Tarantool development patches archive
 help / color / mirror / Atom feed
* [Tarantool-patches] [PATCH 1/1] raft: fix crash in worker fiber
@ 2020-11-06 23:43 Vladislav Shpilevoy
  2020-11-08 18:04 ` Vladislav Shpilevoy
  2020-11-10 22:05 ` Vladislav Shpilevoy
  0 siblings, 2 replies; 5+ messages in thread
From: Vladislav Shpilevoy @ 2020-11-06 23:43 UTC (permalink / raw)
  To: tarantool-patches, sergepetrenko

Raft worker fiber does all the heavy and yielding jobs. These are
2 - disk write, and network broadcast. Disk write yields. Network
broadcast is slow, so it happens at most once per event loop
iteration.

The worker on each iteration check if any of these 2 jobs is
active, and if not, it goes to sleep until an explicit wakeup.
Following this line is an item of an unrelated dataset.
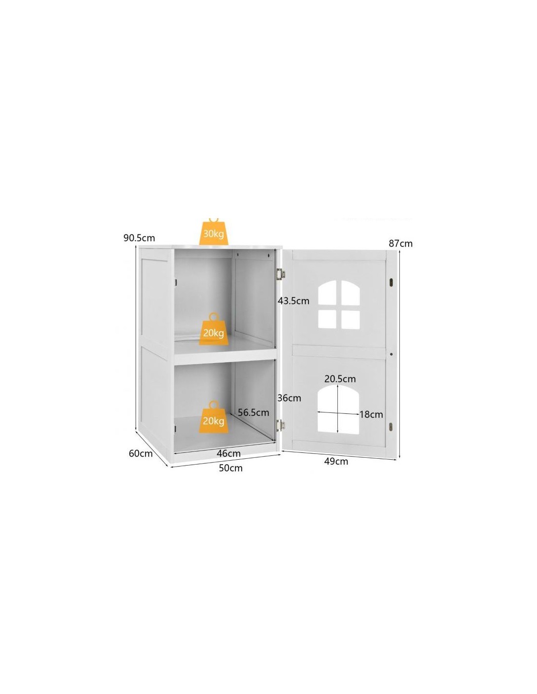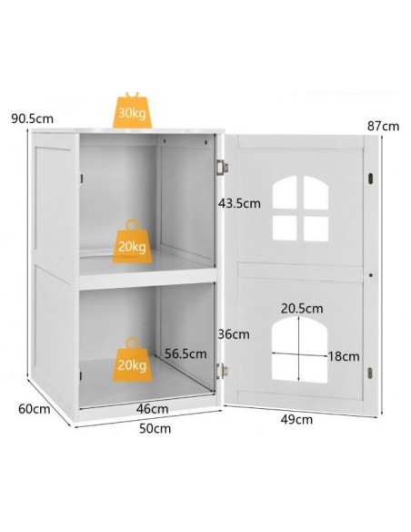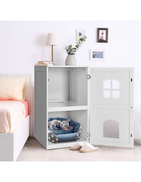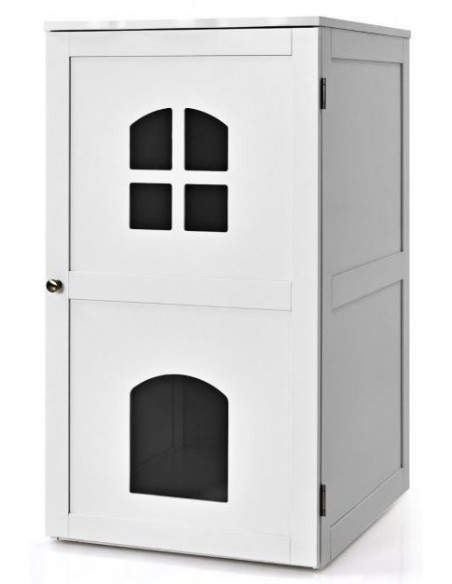 Kattehus udført i et design af træ. Kattehuset måler 90,5 cm i højden og 50 x 60 cm i bredde og dybde. Vi anbefaler ikke at møblet står udendørs når der er fugt eller regnvejr.

But there was a bug. Before going to sleep it did a yield + a
check that there is nothing to do. However during the yield new
tasks could appear, and the check failed, leading to a crash.

The patch reorganizes this part of the code so now the worker does
not yield between checking new tasks and going to sleep.

No test, because extremely hard to reproduce, and don't want to
clog this part of the code with error injections.
---
Branch: http://github.com/tarantool/tarantool/tree/gerold103/raft-crash

 src/box/raft.c | 8 ++++----
 1 file changed, 4 insertions(+), 4 deletions(-)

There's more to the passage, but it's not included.